Ooh, that’s a good one, isn’t it? Wonder how long it took them to come up with that? Can’t you just see them, putting their heads together in order to conjure up such a puzzle? There’s just one hitch, at least as far as Jesus is concerned. Jesus knows the Sadducees don’t believe in the resurrection. In fact, everybody knows the Sadducees don’t believe in the resurrection. They reiterate their position on this every Saturday night in the temple. So, if they don’t believe in the resurrection, why do they challenge Jesus with a riddle about the resurrection? That’s a good question, and I’m glad you asked.

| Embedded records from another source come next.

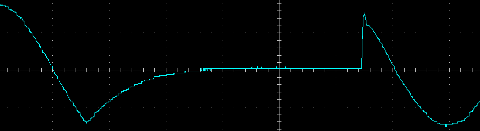 Переходный процесс занял около 25 мс, что хоть и укладывается в обозначенные инструкцией рамки, но «по жизни» все же многовато: если подключена лампа накаливания, то в момент переключения она явственно мигает; конечно, это вполне можно пережить, а вот как скажется столь длительный переход на более сложной аппаратуре — в общем случае предсказать невозможно, надо пробовать.
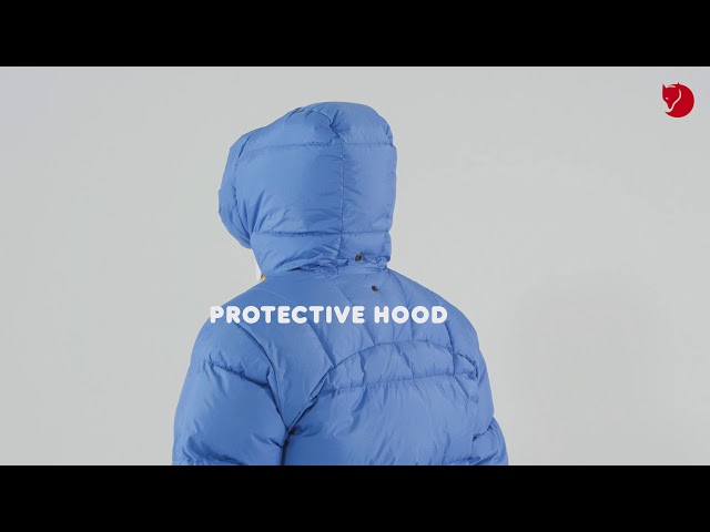 Lang og velisolerende dunjakke for virkelig kaldt vinterklima. En elsket Fjällräven-klassiker fra 1974, her med et oppdatert snitt for menn. Varm hette og generøse lommer med ekstra åpninger som lar deg putte hendene inn i fra sidene. Varm hette og generøse lommer med ekstra åpninger som lar deg putte hendene inn i fra sidene. Polstret med høykvalitets dun som er produsert på etisk vis. God balanse i plassering av kanaler fylt med dun gir et plagg uten varmetap. Skuldrene er forsterket med syntetisk polstring for å motstå fuktighet og trykk.
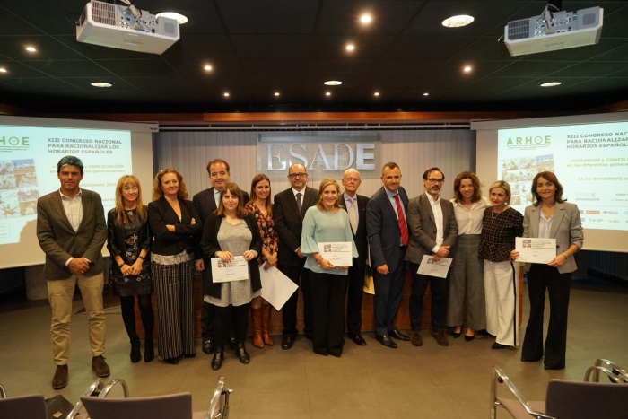 19/11/2018 Cerca de un centenar de personas se han reunido en la sede de ESADE Madrid en torno al XIII Congreso Nacional para Racionalizar los Horarios Españoles celebrado por ARHOE, con el apoyo de la Comunidad de Madrid o el Ministerio de Sanidad, Consumo y Bienestar Social, así como CaixaBank, Banco Santander, Reale Seguros, DCH o Ifma España, entre otros.
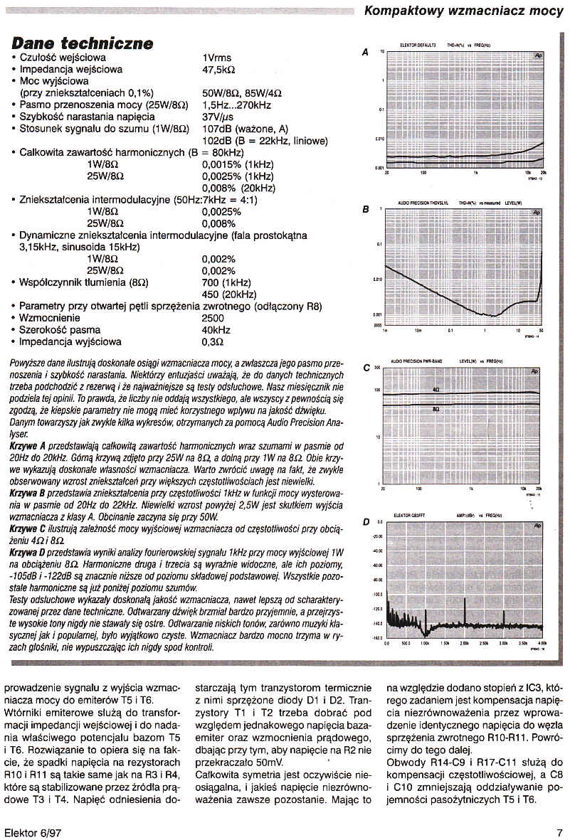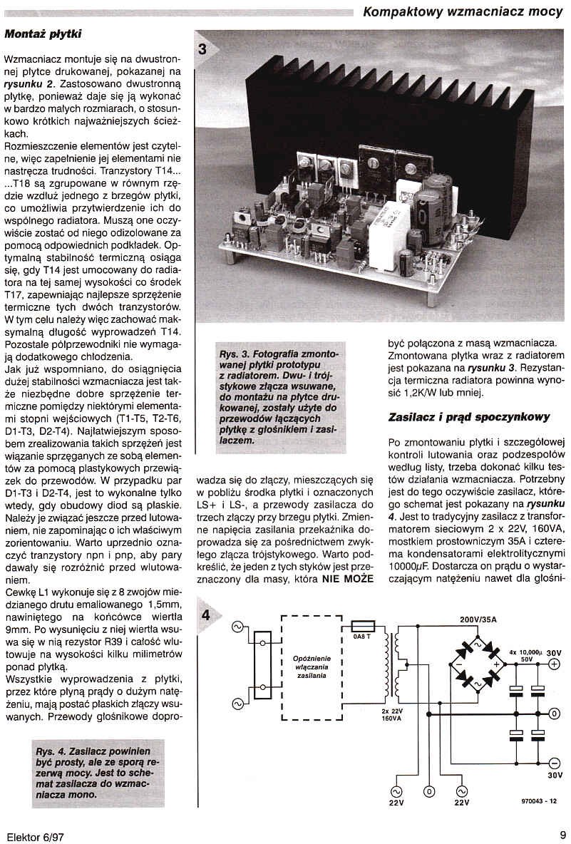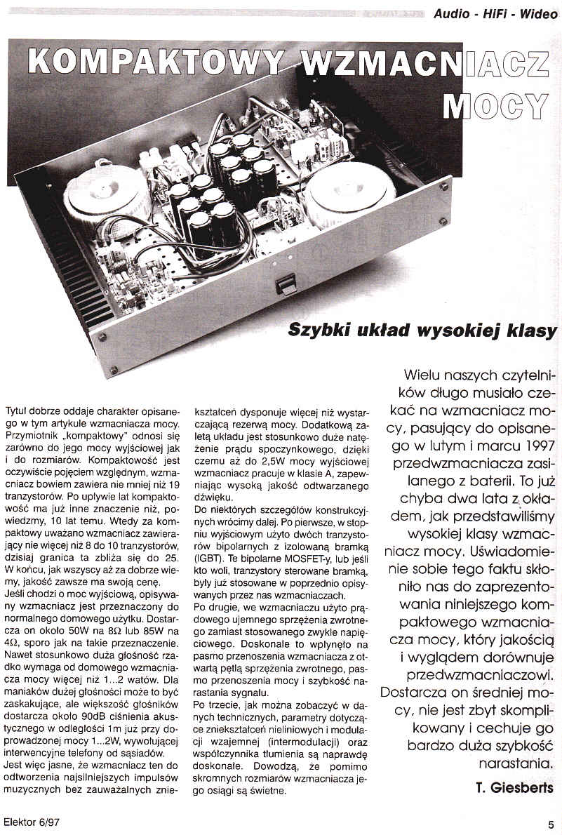 Prezentowany kompaktowy wzmacniacz mocy jakością i wyglądem dorównuje przedwzmacniaczowi z zasilaniem bateryjnym opisanemu przez nas w lutym i marcu 1997. Dostarcza on średniej mocy, nie jest zbyt skomplikowany i cechuje go bardzo duża szybkość narastania. - Audio - HiFi - Wideo

They’re trying to set him up, aren’t they? They’re not honest seekers or believers wanting to better understand their doctrine. They’re not interested in stretching their minds or learning new things. They already know what they believe, or this case don’t believe. They are “fixed in their position that there was no resurrection of the dead,”2 and nobody, especially this upstart Galilean preacher, is going to change their minds one little bit. The Sadducees are not about to think outside the box of their theological orthodoxy.

And there is no evidence that Jesus convinced them they were wrong. But he certainly gave them something to think about, didn’t he? There’s plenty here for us to consider as well, and it doesn’t necessarily coincide with our theological comfort level either.

For those with long, strong marriages, these words of Jesus might be only a bit short of offensive. If two people, who have loved each other for decades, want to continue their relationship in heaven, what Jesus says could be indeed disturbing. On the other hand, it might provide a measure of comfort.

One minister tells the story of a woman with terminal cancer. Her husband suddenly died of a heart attack. At the funeral, well-meaning friends leaned over to her as she sat in her wheelchair and reminded her that they would soon be reunited in heaven, that it would not be long before they were together again. Later, when she was alone with the minister, she said, with tears streaming down her face, “I am never going to get away from him, am I?”3

So what is Jesus saying about heaven? Despite what your beliefs might be about the life after this existence, pretty much all we have to go on from this little Saturday-night-in-the-temple encounter is that the life to come is not simply a continuation of this present existence. If it were, I would think there are plenty of people on earth for whom such a prospect would not be a positive one.

But Jesus says that God is the God of the living, and guess what? In saying this to the Sadducees he quotes from the Pentateuch, the only part of the Bible they believed. Talk about turning the tables! Take that, you bunch of conniving characters!

But what does it mean that God is the God of the living? We can buy that, believe in it with all our heart. What we want to know is, what kind of living is it going to be? We want answers… clear, unequivocal images of heaven that will encourage and sustain us. In other words, we want a rational explanation of heaven.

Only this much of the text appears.